Although no concrete decisions have been finialised yet, the minister said that some sort of financial and monetary incentives were being considered for those affected in these sectors.

“However, since we are currently in the orange zone, it would be too early to decide anything for now, but we’ve already started working for the worst case scenario,” he said. “We are hopeful that in the next two weeks things should be returning to business as usual with more precaution. We are however, very much aware of how this would impact our economy.” 

Govt. explores measures

The government has already formed a multi-sectoral task force to develop economic response plan to protect the economy from taking major hit due to the consequences of COVID-19. 

The finance and economic affairs ministries, RMA, financial institutions, Bhutan Chamber of Commerce and Industry, and the National Statistics Bureau are studying the possible impact the disease on the domestic economy.

With uncertainty concerning the restriction of labour, the construction industry could consider replacing them with local workforce to make up for the shortage, a press release from the Prime Minister’s Office, states.

The government is also considering whether the 12th Plan activities could be changed or reprioritised to tackle the challenges in hand.

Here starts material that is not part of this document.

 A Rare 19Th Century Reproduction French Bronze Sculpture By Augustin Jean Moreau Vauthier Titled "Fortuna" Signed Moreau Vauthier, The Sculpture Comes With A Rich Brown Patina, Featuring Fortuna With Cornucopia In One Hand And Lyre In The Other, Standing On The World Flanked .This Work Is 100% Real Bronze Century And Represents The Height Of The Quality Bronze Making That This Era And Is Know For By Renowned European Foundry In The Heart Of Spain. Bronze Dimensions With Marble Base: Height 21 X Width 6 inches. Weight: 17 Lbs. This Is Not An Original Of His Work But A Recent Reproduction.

The Prime Minister yesterday, met with the Gross National Happiness Commission (GNHC) and the Royal Civil Service Commission (RCSC) and have asked the two agencies to have plans in place should the country enter into red zone, which calls for complete lockdown.

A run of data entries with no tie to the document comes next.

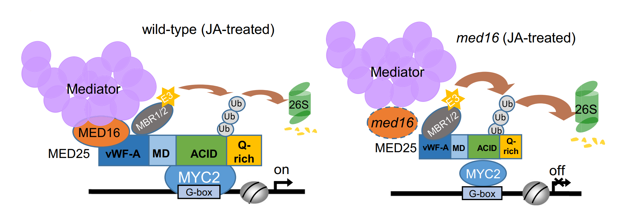图1 MED16–MBR模块通过调控MED25稳定性进而精细调节茉莉酸信号强度
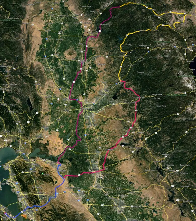 On the way to Beckwourth Pass (Day 1) The ride up to Auburn by way of Stockton was, as usual, fun! Better yet, it wasn’t unusually windy in the Altamount Pass area north of Livermore. Although the wind turbines were sure spinning! At one point it looked like they were
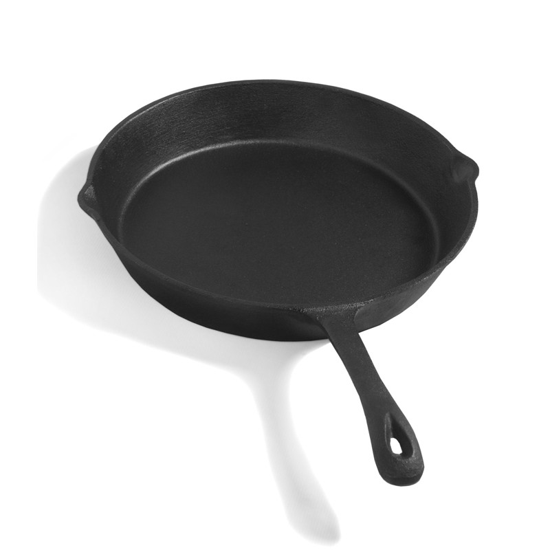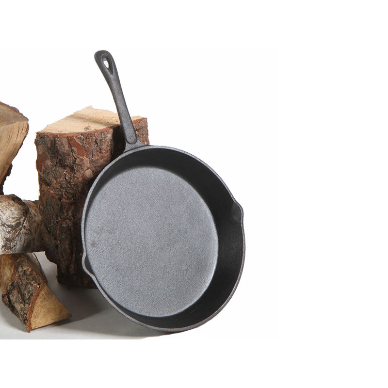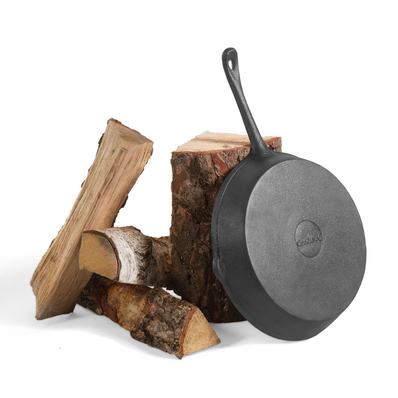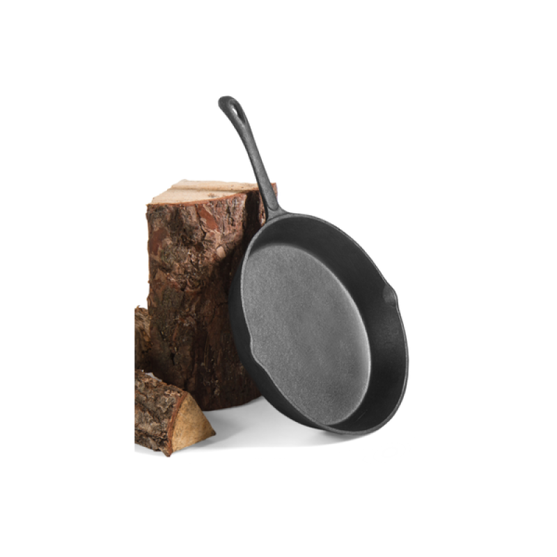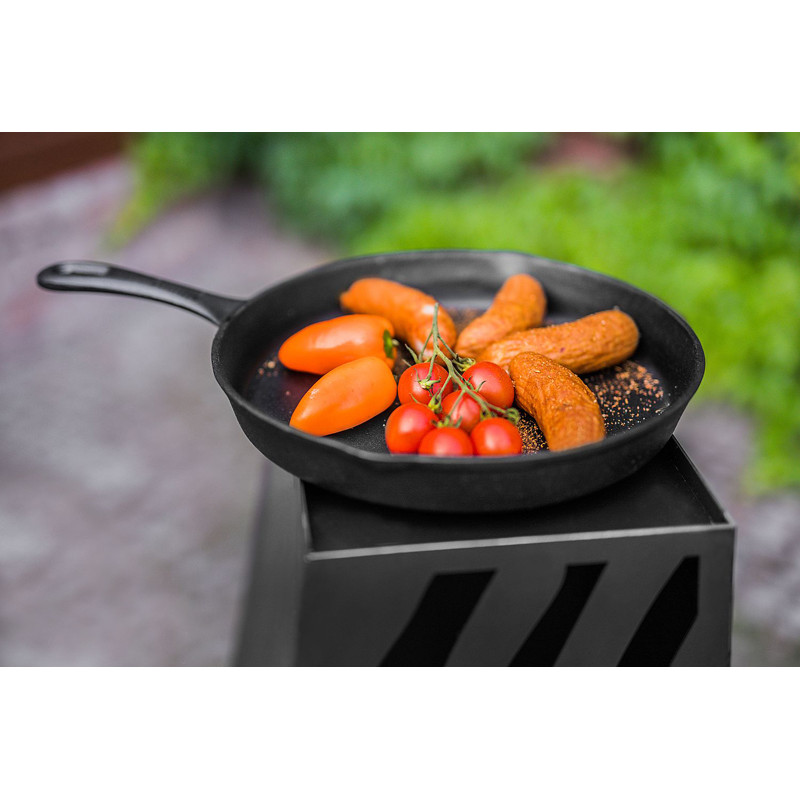 Litinová pánev s hrubým povrchem umožňuje vaření či grilování na otevřeném ohni.

“While everything is under control for now, our plans and programmes are designed for untroubled times,” Lyonchhen said. “But, we should also be looking at reprioritising our activities and budget should the situation worsen.”

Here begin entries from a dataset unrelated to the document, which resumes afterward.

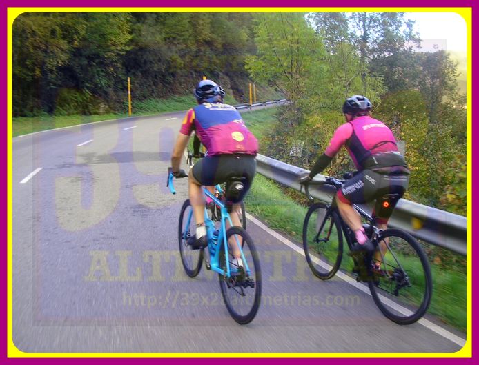 A estas horas de la subida voy ya con Manolín y el resto va llegando, como en esas etapas de montaña del Giro (antiguas) a la cima del puerto de Ancares, que se ve lejano y cercano a la vez.
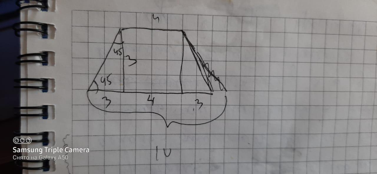 т.к. это равнобедренная трапеция то в большем основании такие деления: 3, 4, 3. а раз угол равен 45 градусам, то и высота равна 3.(на картинке)
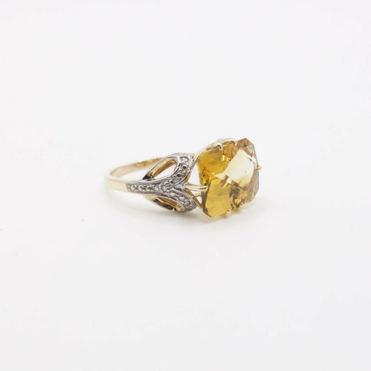 Vintage Designer Clyde Duneier Citrine and Diamond Ring In 10K Yellow Gold
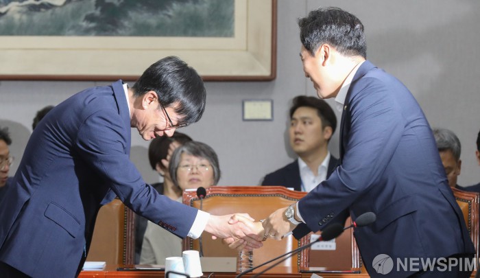 [서울=뉴스핌] 최상수 기자 = 김상조 청와대 정책실장, 손금주 무소속 의원이 6일 오전 서울 여의도 국회에서 열린 운영위원회 전체회의에서 악수를 나누고 있다. 2019.08.06 kilroy023@newspim.com

The two agencies have been asked to ensure that meetings and travels are carried out strictly to propel critical activities, while routine ones could wait.

Agriculture ministry is working towards ensuring adequate food reserve and to develop procedures to prevent hoarding. And economic affairs ministry is expected to enforce price control mechanism effectively.

Lyonpo Dr Tandi Dorji said that although the country  was  currently in the orange zone, the government was working on the preparations and plans for the red zone. “If incase we have to move to the red zone, all activities are in full swing.”

The orange zone is a situation where there are one to two positive cases whose immediate (primary) contacts are all identified. A red zone would be declared when there are multiple positive cases across the country. The whole country would be put under quarantine and lockdown.

Lyonpo said that the government was receiving support from many private individuals and groups, including international partners for COVID-19 preparedness and response.

He said that the Bangladeshi government donated 12,000 hand sanitisers to the health ministry. The Bhutanese embassy in Bangladesh is working closely with the private companies there to procure  surgical face masks and hand sanitisers, he added.

Given the shortage of these items in most of the private pharmacies, lyonpo said that an alternative source was identified in Bangladesh to deliver the consignments. “We hope this would help us restock the face masks and hand sanitisers supply in the pharmacies and if possible make them available at a subsidised rate.”

Despite having a standing rule in Bangladesh that prohibits export of surgical face masks, the government requested Bangladeshi government to allow the supply. 

The government would be procuring around 150,000 face masks and hand sanitisers from Bangladesh.

Although the use of face masks is not recommended for healthy persons without any flu-like symptoms, lyonpo said that the government was making them available because of the heightened demand.

Bhutanese embassies in Delhi and Bangkok are also working on procuring the necessary stocks.

Meanwhile, the health condition of the 76-year-old COVID-19 patient at the national referral hospital is improving.